▸ Instructions for the task
Your task is to print all of the data below exactly, with no pictures included.

==== Supplied material

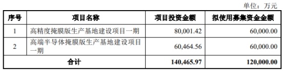 本次向特定对象发行股票募集资金总额不超过120,000.00万元(含本数),募集资金扣除相关发行费用后将用于投资高精度掩膜版生产基地建设项目一期、高端半导体掩膜版生产基地建设项目一期。
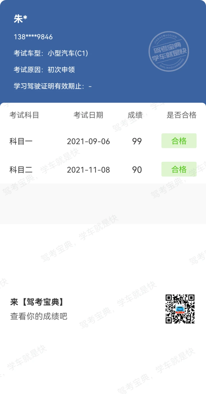 离驾照到手只有一步之遥啦!今天上午,一上考试车反而不紧张,结果刚到s湾安全员叫我停住,系统报考试结束,当时懵逼惨了,结果是断网了。网络恢复后重新开始,一把过的,就是在坡道定点停车那里扣了10分,总结一句话,脚慢手快不要紧张,一定能够过关。加油!
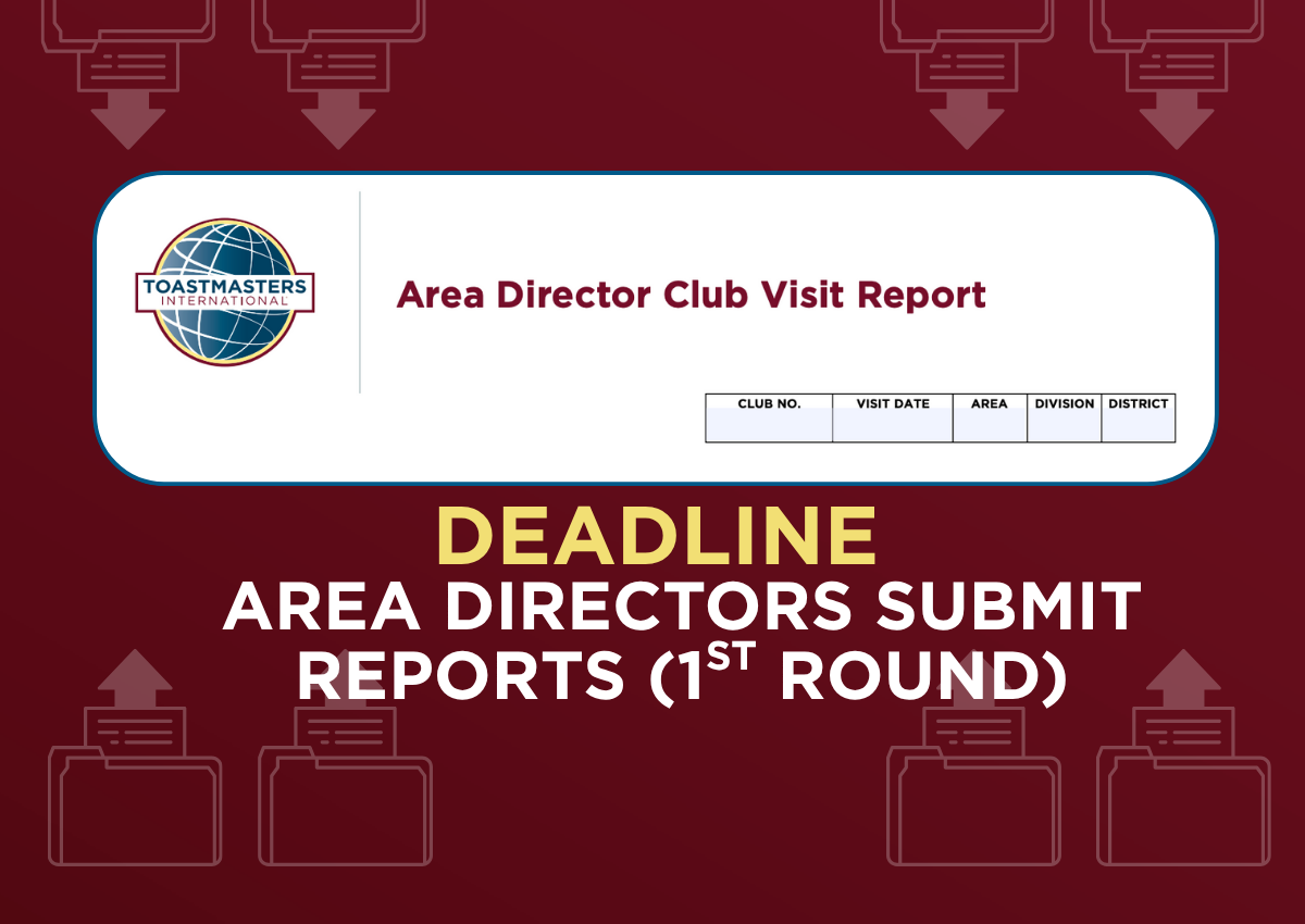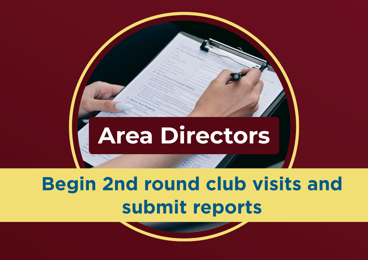 Area Directors! Submit your first-round reports by this date to ensure your Area receives full credit toward the Distinguished Area Program. Timely reporting is key to success!
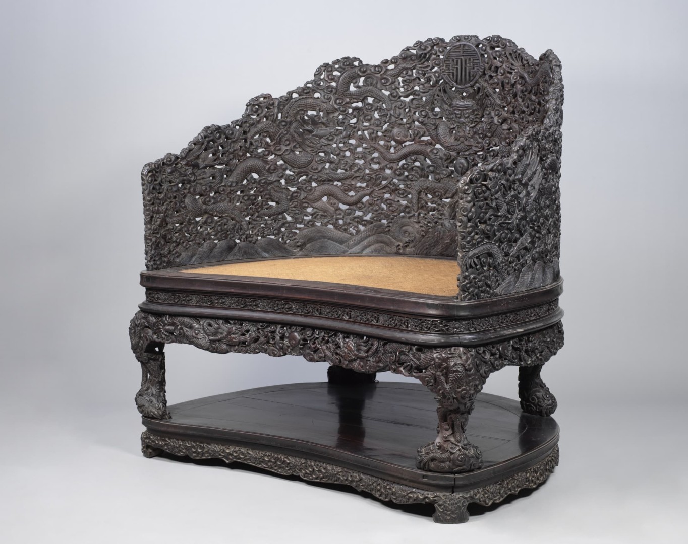 紫檀透雕云龙纹有束腰带托泥宝座
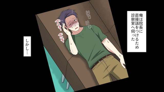 そしてついに5時間が経過し、限界を感じた主人公が診察室に行くと、院長に「お前を診てやるなんて言ったっけ〜?」と言われてしまい…。
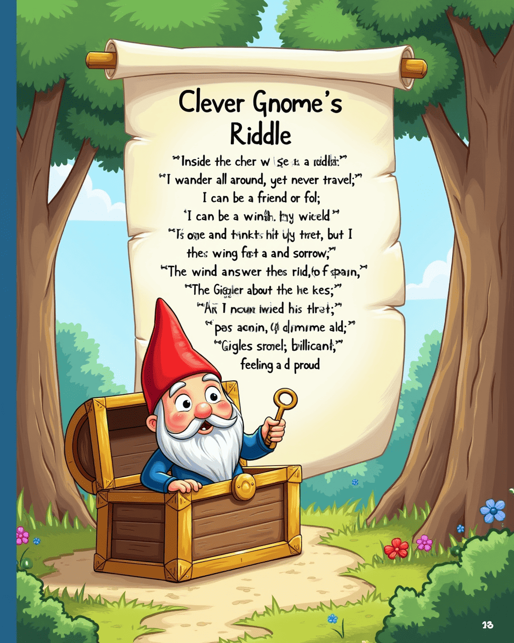 Inside the chest lay a scroll with a riddle: I wander all around, yet never travel; I can be a friend or foe, but I bring both joy and sorrow. Giggles pondered, thinking about the wind and the tree. The wind answered the riddle, and the chest popped open. Inside, a golden key glimmered brilliantly. Giggles smiled, feeling clever and proud.
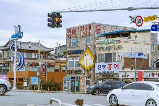 영산포 홍어거리에는 현재 40여 곳의 홍어 음식점과 도매상이 영업중이라고 합니다. 거리 초입에 들어서면 벌써 알싸한 홍어향이 풍겨요. 어떤 식당이 괜찮을지 고민하다가 가장 큰 글씨가 눈에 띄는 홍어1번지 식당으로 정했습니다. 전용 주차장이 있고, 건물은 비교적 최근에 지어진 것 같아요. 입구에는 홍어명인 인증서가 붙어 있습니다. 왠지 잘 온 것 같은 느낌이 들었어요.
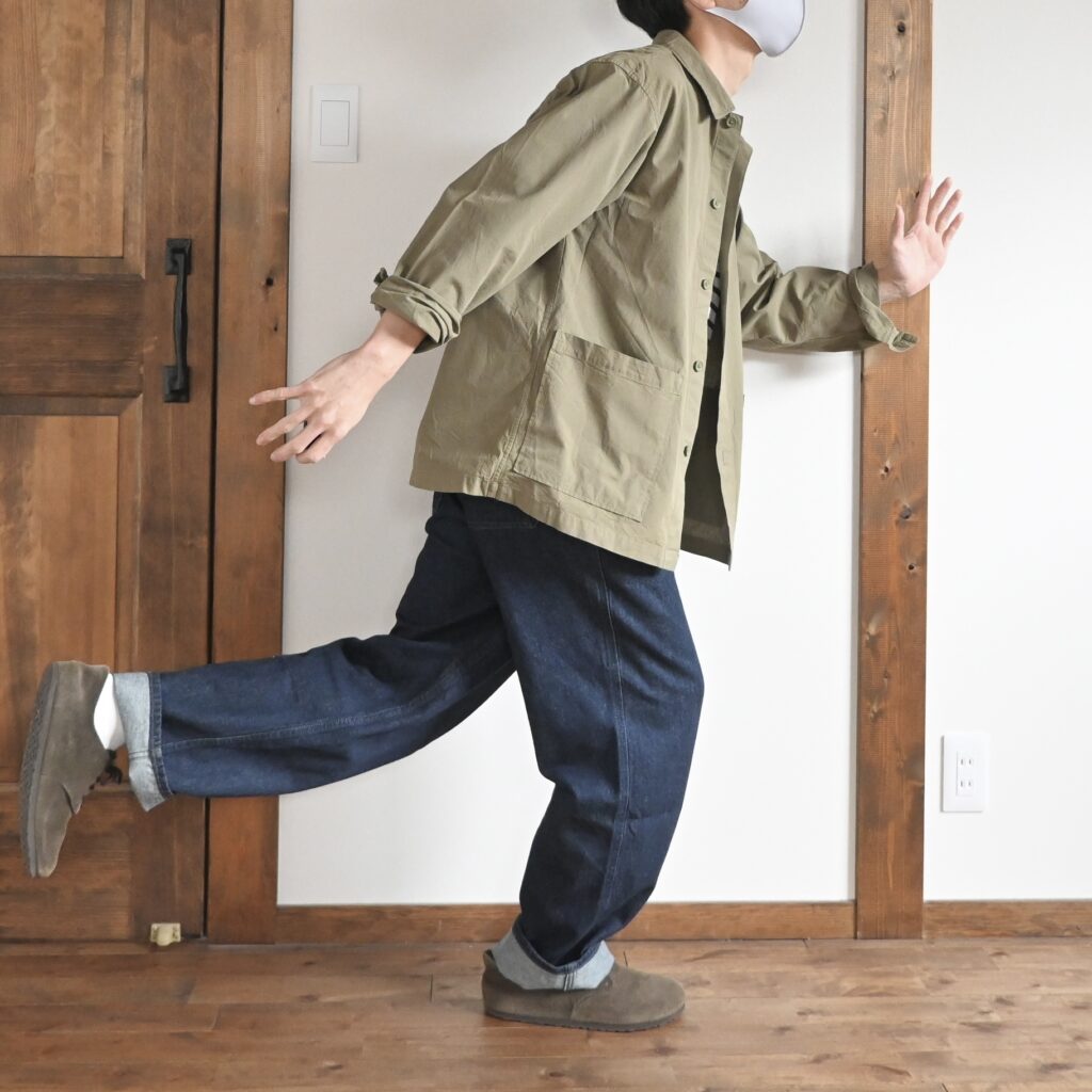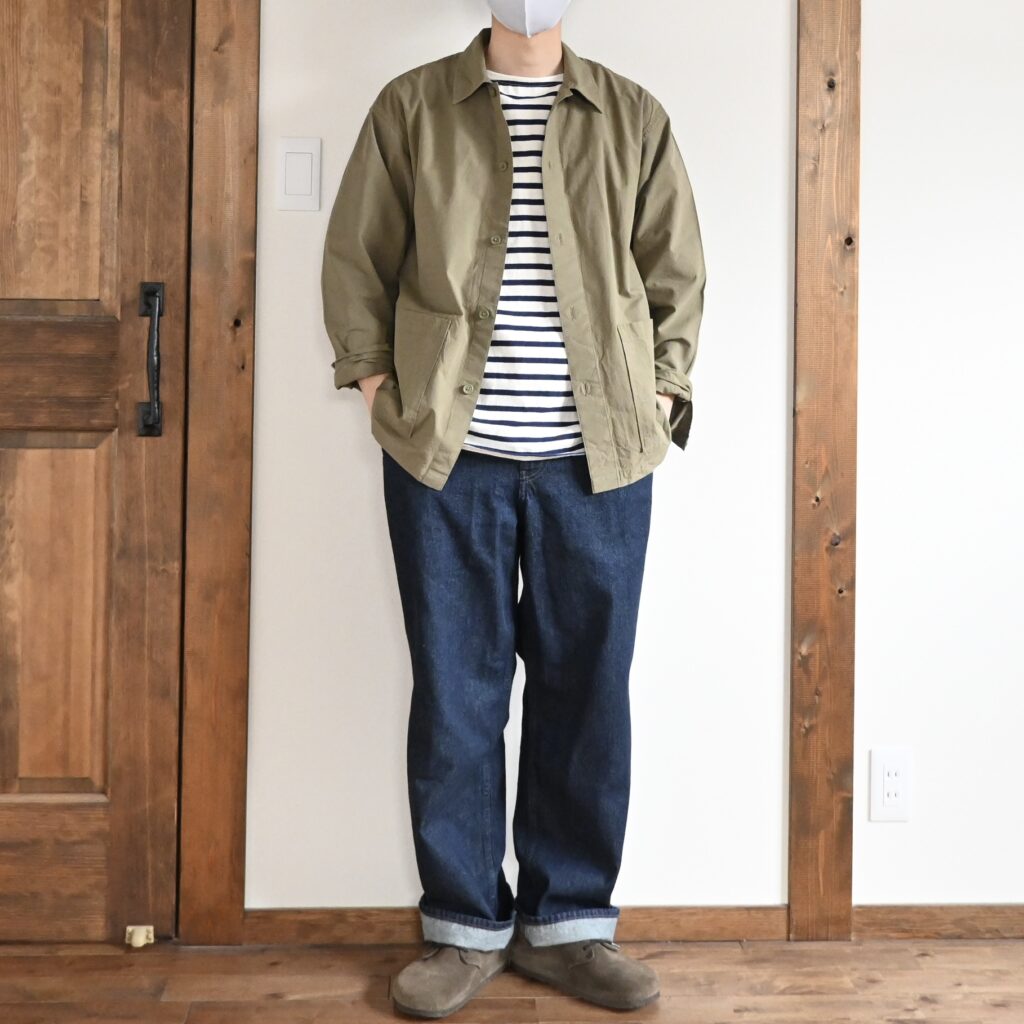 デニムパンツはカーキのアイテムと相性が良いので、昨年の秋に無印良品で購入したシャツジャケットを合わせてみました。

========

▸ Exercise solution
 本次向特定对象发行股票募集资金总额不超过120,000.00万元(含本数),募集资金扣除相关发行费用后将用于投资高精度掩膜版生产基地建设项目一期、高端半导体掩膜版生产基地建设项目一期。
 离驾照到手只有一步之遥啦!今天上午,一上考试车反而不紧张,结果刚到s湾安全员叫我停住,系统报考试结束,当时懵逼惨了,结果是断网了。网络恢复后重新开始,一把过的,就是在坡道定点停车那里扣了10分,总结一句话,脚慢手快不要紧张,一定能够过关。加油!
 Area Directors! Submit your first-round reports by this date to ensure your Area receives full credit toward the Distinguished Area Program. Timely reporting is key to success!
 紫檀透雕云龙纹有束腰带托泥宝座
 そしてついに5時間が経過し、限界を感じた主人公が診察室に行くと、院長に「お前を診てやるなんて言ったっけ〜?」と言われてしまい…。
 Inside the chest lay a scroll with a riddle: I wander all around, yet never travel; I can be a friend or foe, but I bring both joy and sorrow. Giggles pondered, thinking about the wind and the tree. The wind answered the riddle, and the chest popped open. Inside, a golden key glimmered brilliantly. Giggles smiled, feeling clever and proud.
 영산포 홍어거리에는 현재 40여 곳의 홍어 음식점과 도매상이 영업중이라고 합니다. 거리 초입에 들어서면 벌써 알싸한 홍어향이 풍겨요. 어떤 식당이 괜찮을지 고민하다가 가장 큰 글씨가 눈에 띄는 홍어1번지 식당으로 정했습니다. 전용 주차장이 있고, 건물은 비교적 최근에 지어진 것 같아요. 입구에는 홍어명인 인증서가 붙어 있습니다. 왠지 잘 온 것 같은 느낌이 들었어요.
 デニムパンツはカーキのアイテムと相性が良いので、昨年の秋に無印良品で購入したシャツジャケットを合わせてみました。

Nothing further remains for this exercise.